The agency that governs federal sector labor-management relations seeks to limit arbitrators' authority to provide prospective remedies in grievance proceedings.

The Federal Labor Relations Authority last week overturned another longstanding precedent in federal sector labor law, ruling that arbitrators can no longer order prospective remedies in some grievance cases.

Critics argued that the ruling both lacks a proper rationale that agencies and unions may use to guide their actions going forward, and that it is based on a misreading of the precedent and the facts of the case, two issues that led to a federal appeals court overturning another FLRA decision just two days prior.

In Social Security Administration and American Federation of Government Employees Local 3571, Social Security officials filed exceptions in a grievance case in which an arbitrator found that the agency's performance ratings of an employee in 2015 and 2016 lacked evidence. The arbitrator ordered the agency to correct the previous performance ratings and "satisfy six criteria" to better set expectations and document poor performance involving the employee moving forward.

Although the FLRA denied most of the agency's objections to the arbitrator's decision, it overturned its own precedent that arbitrators may order parties to change their behavior in future actions.

"In cases where the issues for arbitration are explicitly limited to a particular time period, [U.S. Department of the Army, U.S. Corps of Engineers, Northwestern Division] empowers arbitrators to award relief that is designed to exceed the scope of the issues before them," FLRA Chairwoman Colleen Duffy Kiko wrote. "Such outcomes directly conflict with the authority's longstanding insistence that the issues submitted for arbitration—whether stipulated by the parties or framed by the arbitrator—constrain an arbitrator's remedial authority."

In essence until now, arbitrators were limited to issuing orders impacting only the parties involved in a grievance but were able to issue relief in the form of future compliance. Now, FLRA will only uphold remedies that are limited to the "time frame covered" in an arbitration.

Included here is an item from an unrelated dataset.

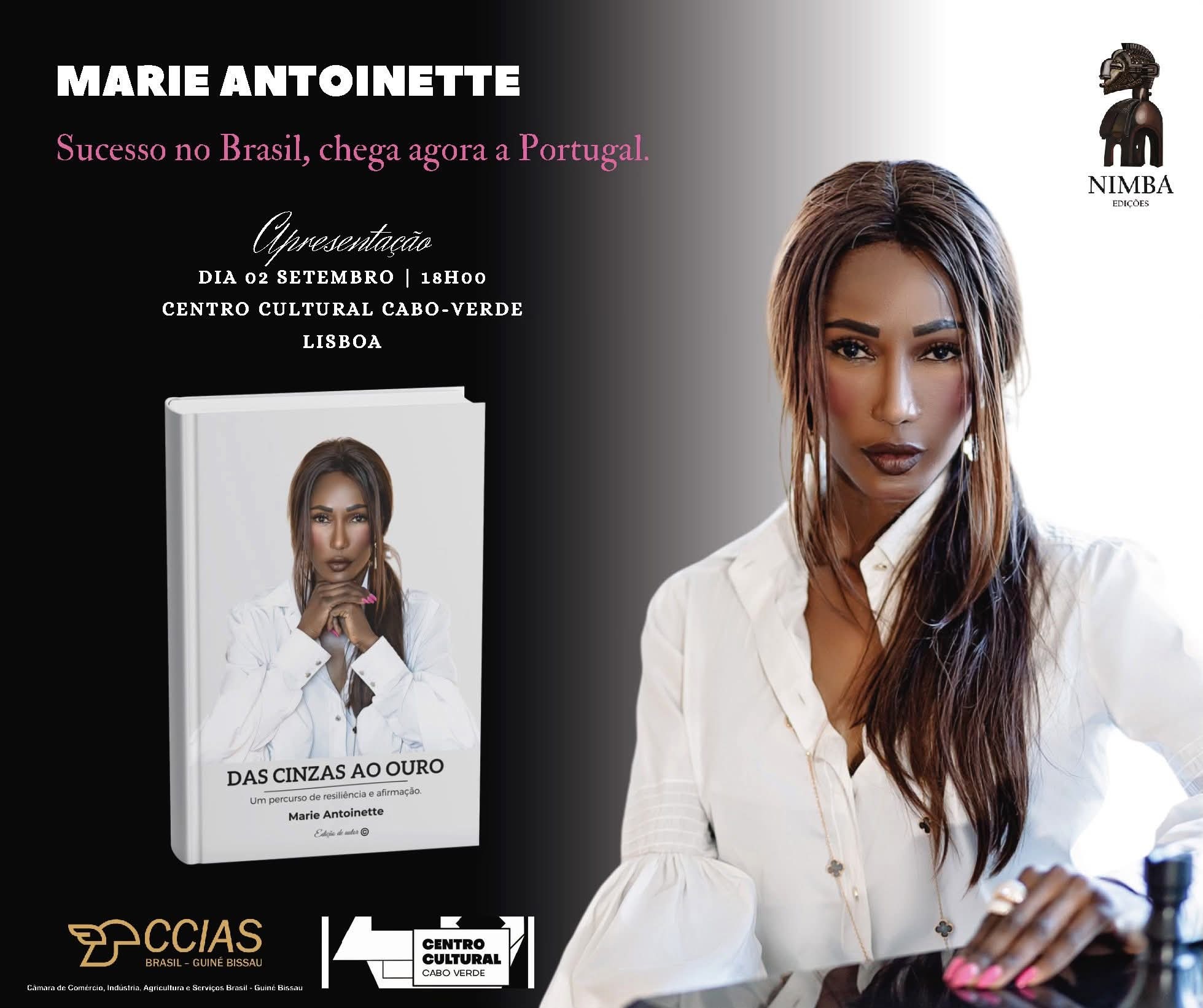 Depois de conquistar o público no Brasil, Marie Antoinette chega agora a Portugal para apresentar a sua autobiografia Das Cinzas ao Ouro, um livro inspirador que reflete a força, coragem e determinação de transformar desafios em oportunidades, assim como ser mãe, ter liberdade económica e emocional sendo uma mulher negra. O lançamento ocorre no dia 2 de setembro, terça-feira, entre as 18h00 e as 19h30, no Centro Cultural de Cabo Verde (CCCV), em Lisboa.

Dissenting in the decision was the FLRA's lone Democratic appointee, Ernest DuBester. He accused his colleagues of misrepresenting how the arbitrator initially framed the issues of the underlying case, and said the precedent is not in need of review.

"Because these directives [to address deficiencies in future assessments of the party filing the grievance] are directly responsive to the issues that were before the arbitrator, I would find that they fall well within his broad discretion to fashion an appropriate remedy for the agency's violations of the parties' agreement," DuBester wrote. "And based on this finding, I would further conclude that there is no need to 'reexamine'—much less 'overrule'—our decision in U.S. Department of the Army, U.S. Corps of Engineers, Northwestern Division to deny the agency's exception."

DuBester described last week's decision as the latest in a long line of rulings intended to overturn precedent without doing the necessary legwork to explain why the change is needed.

"As with its prior decisions overturning long-standing authority case law, the majority has failed to set forth a plausible rationale for discarding this well-established precedent," he wrote. "[The] majority fails to demonstrate that our decision in Corps conflicts with authority precedent, and its decision to overturn this precedent should be rejected on this basis alone."

Robert Tobias, director of business development for the Key Executive Leadership Program at American University and a former president of the National Treasury Employees Union, said he was "astounded" to read the ruling, and echoed language from an appeals court last week, which found in a separate case that an FLRA change in precedent "provides more questions than answers."

"In this case, there was no rationale for their decision to overturn previous precedent," Tobias said. "Parties need to understand the rationale so that they can guide their behavior into the future, but with this decision there was no guidance, no rationale, and candidly, I don't think the FLRA did its duty to the parties in this case or to the labor-management relations community in the federal sector in general."